Juros baixos – o perigo

O grande desafio económico deste ciclo de taxas de juro anormalmente baixas e negativas é como conceber um progresso saudável e duradouro para a economia mundial dentro deste padrão de taxas.

Desde a crise de 2008 que os bancos centrais tomaram paulatinamente diversas medidas de cariz monetário com o objetivo de estimular a economia, combater o declínio da inflação e reduzir a pressão sobre a apreciação das taxas de câmbio. A partir de 2011, essas medidas foram reforçadas com consecutivas diminuições das taxas de juro, que no caso da Zona Euro tomam a designação de taxas de juro oficiais do Eurosistema.

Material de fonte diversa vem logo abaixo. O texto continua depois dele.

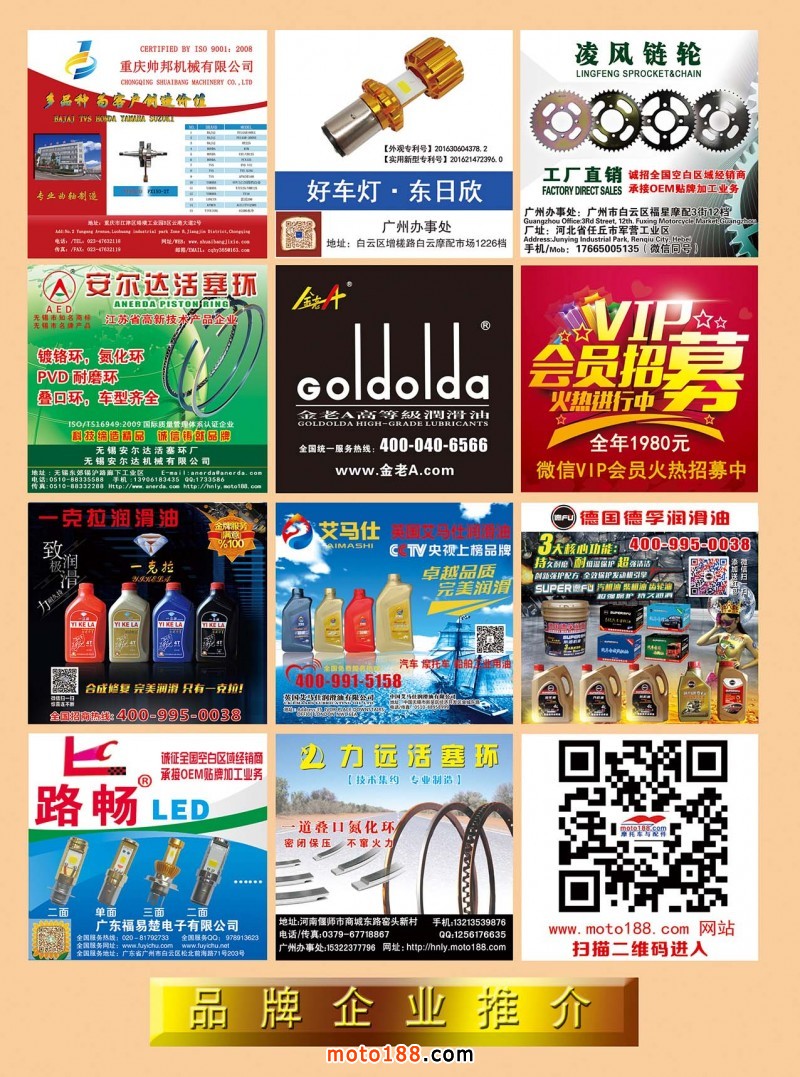 《摩托車與配件》(正在考慮是否變更為《電·摩配件》)不僅服務于摩配業之外,將重點增加電動車業(二、三、四輪)的信息服務;同時增加小型通機內容(涉及工、農、林、牧、副、漁、建等產業)信息服務;壓縮出刊期數,適當減少廣告的版面,突出雜志的內容,增加原創內容,增加可閱讀性,使雜志形成一定的風格,將雜志辦成典藏版的精品,每期都有收藏價值;改變現有發行模式,電子版將發送至每一個好友;紙質版實行精準投放,有償發行,直達目標受眾,具體為每個市場的發行,按我們提供的名單,由發行代理送雜志上門,我們按數量直接支付現金作為發行費。權威性、收藏性、獨特性、可讀性這是明年雜志必須具備的特點。明年雜志特殊版面的征集工作已經開始,壓縮期數后,特定版面的數量將減少,先定先得。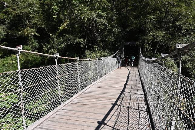 一早起來空氣清新無比,吃過豐盛的早餐之後,就能出發前往桃山步道了。桃山步道一共有兩種,一條是攀登桃山的登山步道,一條是較為平緩、前往桃山瀑布的休閒型步道。大家多半會選擇休閒型的步道逛逛,畢竟即使是這條路來回也是將近四小時,對於平時體力不好的人來說依然具備一定難度。沿途綠樹成蔭、鬱鬱蔥蔥,還能在經過武陵橋時往下欣賞七家灣溪的景致,運氣好的人還能看見國寶魚櫻花鉤吻鮭的身影。沿路呈現之字形平緩上坡,茂密的樹冠讓太陽光微微斑駁在地面,炎炎夏日在此走走相當的涼爽。步道盡頭處是一座涼亭,再往前走約100公尺,桃山瀑布就近在眼前。

Desde 2014 que uma dessas taxas (facilidade permanente de depósito) passou a ser negativa, sendo atualmente de -0,5%. No tocante à facilidade permanente de cedência marginal de liquidez, a sua taxa é atualmente de 0,25% e nas operações principais de refinanciamento, a taxa é nula. O que se passa na Zona Euro passa-se um pouco por todo o mundo. A título de exemplo, o Japão adotou uma taxa de juro zero em 2000, sendo que atualmente é de -0,1%, e as perspetivas são de que, pelo menos nos próximos três anos, não deverá atingir valores positivos.

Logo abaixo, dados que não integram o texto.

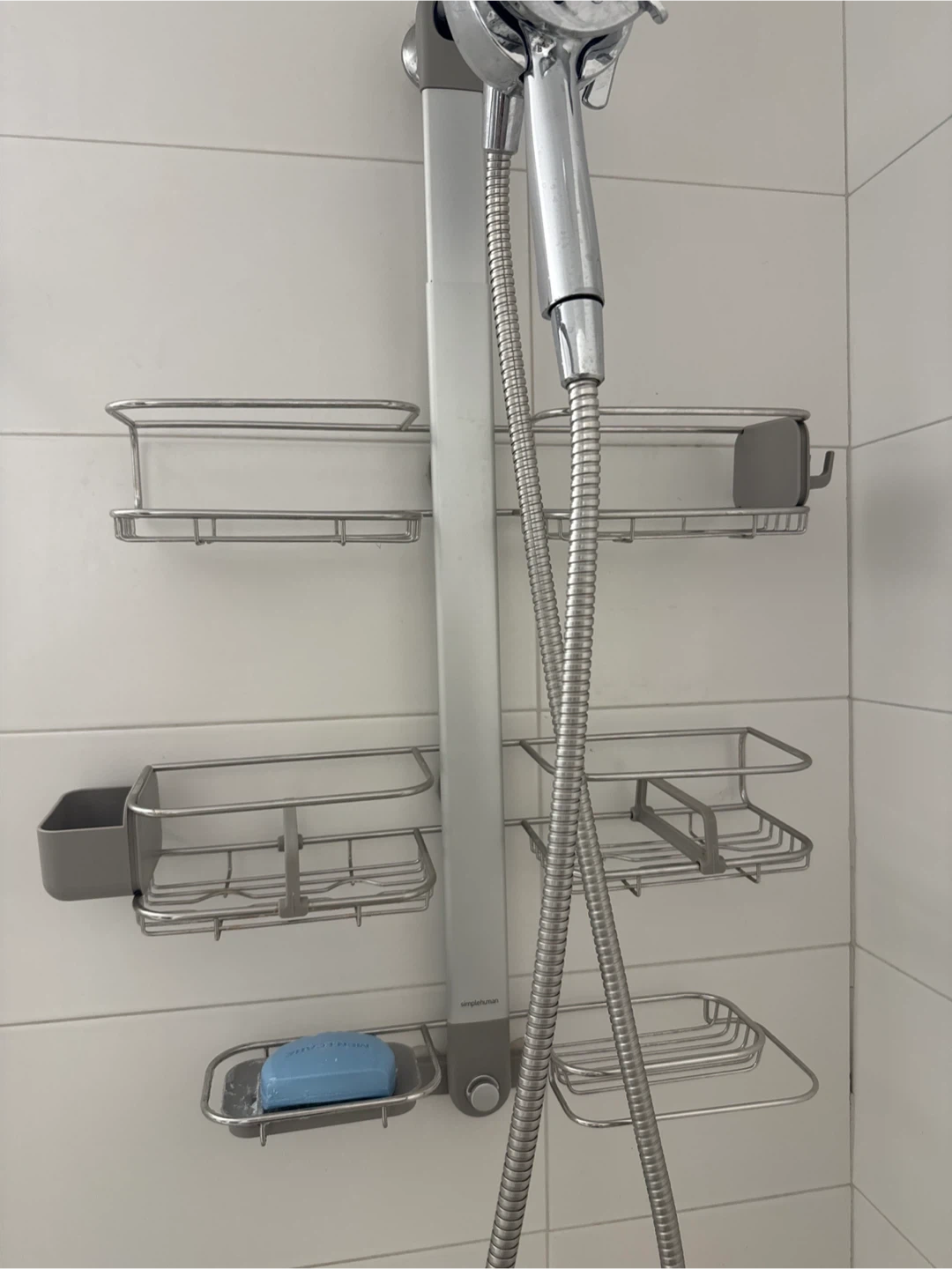 This simplehuman shower caddy is made of stainless steel and plastic. It has multiple shelves for storage and a soap dish. It attaches to your shower head or shower arm for easy access.

É verdade que juros baixos estimulam o investimento, o consumo e ajudam a colocar a inflação nos desejados 2%, mas podem provocar algumas repercussões negativas para as quais devemos estar atentos.

A primeira dessas repercussões é sobre as remunerações das poupanças, que continuam infindavelmente em valores irrisórios. Ao contrário dos Millennials, muitos dos Baby Boomers viam nos juros uma forma de aumentar os seus rendimentos durante a sua reforma. Com a perda desse rendimento o seu consumo diminui, o que contribui para uma desaceleração da economia, na parte que lhes diz respeito.

A segunda dessas repercussões é o desencorajamento em aplicar o dinheiro em contas poupança, devido às baixas taxas de juro. A alternativa pode ser procurar investimentos alternativos com potenciais retornos superiores, como seja o caso de ações ou imobiliário, o que pode contribuir para a formação de bolhas especulativas. Quanto mais tempo durar a época dos juros baixos, maior a probabilidade dessas bolhas ocorrerem.

O problema das bolhas especulativas é que o preço dos ativos subjacentes não pode subir eternamente e ultrapassar de forma exponencial o seu valor real. Os aforradores em busca de rendimentos superiores podem ser incentivados a investir em produtos complexos, com riscos elevados e para os quais não estão preparados, nem foram devidamente informados do real perigo de potenciais perdas.

Existe ainda uma outra repercussão que, apesar de ser muito técnica, e que ocorre em termos de gestão organizacional, não deixarei de referir. Com taxas de juro de longo prazo muito baixas, o valor presente líquido dos fluxos de caixa previsionais aumenta, o que provoca incrementos na atratividade e rentabilidade dos investimentos empresariais em novas tecnologias com vista a aumentarem a produtividade. Desta forma, é provocado um efeito expansionista na economia via aumentos da produtividade. Recentemente, alguns investigadores validaram esta hipótese teórica, mas apenas para empresas líderes de mercado, pois usufruem de melhores condições de acesso ao crédito e muitas vezes possuem gestores (e não patrões) mais qualificados.

No tocante às empresas seguidoras, estas, por dificuldades naturais de serem seguidoras, deixam de investir tanto e são ultrapassadas em termos tecnológicos pelos líderes. Por falta de concorrência, os próprios líderes, agora numa posição de mercado cada vez mais confortável, deixam de investir, o que provoca uma estagnação na evolução tecnológica.

Baixas taxas de juro provocam ainda um efeito negativo nos lucros dos bancos, que estes procuram compensar por sucessivos aumentos nas comissões, o que penaliza duplamente os pequenos aforradores.

Outro efeito negativo sente-se na desigualdade da riqueza. Com aumentos dos preços dos ativos, os proprietários beneficiam com o aumento da sua riqueza aumentar, enquanto os não proprietários estagnam.

Por último, e talvez um dos mais graves efeitos que juros baixos provocam, é o risco do sobreendividamento. Apesar de não se perspetivar uma subida dos juros no curto prazo, quando estes subirem, muitas famílias e empresas poderão entrar em incumprimento, por falta de meios para pagarem as prestações. O empréstimo que hoje é fácil de pagar pode no futuro tornar-se um pesadelo, sendo que muitos empréstimos são contratados por décadas.

O grande desafio económico deste ciclo, de taxas de juro anormalmente baixas e negativas, é como conceber um progresso saudável e duradouro para a economia mundial dentro deste padrão de taxas.